* _Exercise details_
Give back exactly the lines of the material below that start at the one holding "Unikalna konstrukcja StrataCore" and end at the last line, minus the pictures.

* _Collected data_
+ + + + + + +
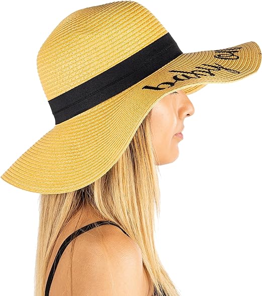 This 100% paper sun hat is lightweight yet thick and soft, offering a luxurious feel. The hat fits most with a height of 4.5 inches and a 4-inch brim; the 24-inch circumference can be adjusted with an internal drawstring. Stylish for ladies, teens, and tweens, it features bold cursive lettering. Versatile, it pairs well with everything from dresses to swimsuits.
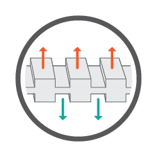 Unikalna konstrukcja StrataCore polega na usunięciu z materaca fragmentów pianki bez perforacji go na wylot. To znacząco zmniejsza wagę i podwyższa izolacyjność. Pianka jest sprężysta i lekka. Materac po napełnieniu ma powierzchnię w poprzeczne "żeberka", co zwiększa przyczepność śpiwora i eliminuje jego zsuwanie się.
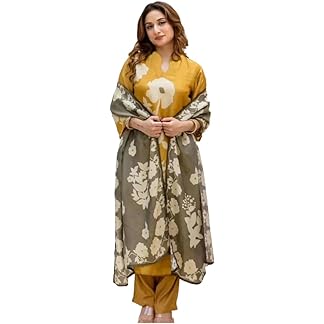 ANNI DESIGNER Women’s Cotton Kurta Pant Dupatta Set | Mustard Yellow Kurta Set for Women | Turmeric Yellow 3-Piece Suit Set | Festival Ethnic Dress
+ + + + + + +
* _Task solution_
 Unikalna konstrukcja StrataCore polega na usunięciu z materaca fragmentów pianki bez perforacji go na wylot. To znacząco zmniejsza wagę i podwyższa izolacyjność. Pianka jest sprężysta i lekka. Materac po napełnieniu ma powierzchnię w poprzeczne "żeberka", co zwiększa przyczepność śpiwora i eliminuje jego zsuwanie się.
 ANNI DESIGNER Women’s Cotton Kurta Pant Dupatta Set | Mustard Yellow Kurta Set for Women | Turmeric Yellow 3-Piece Suit Set | Festival Ethnic Dress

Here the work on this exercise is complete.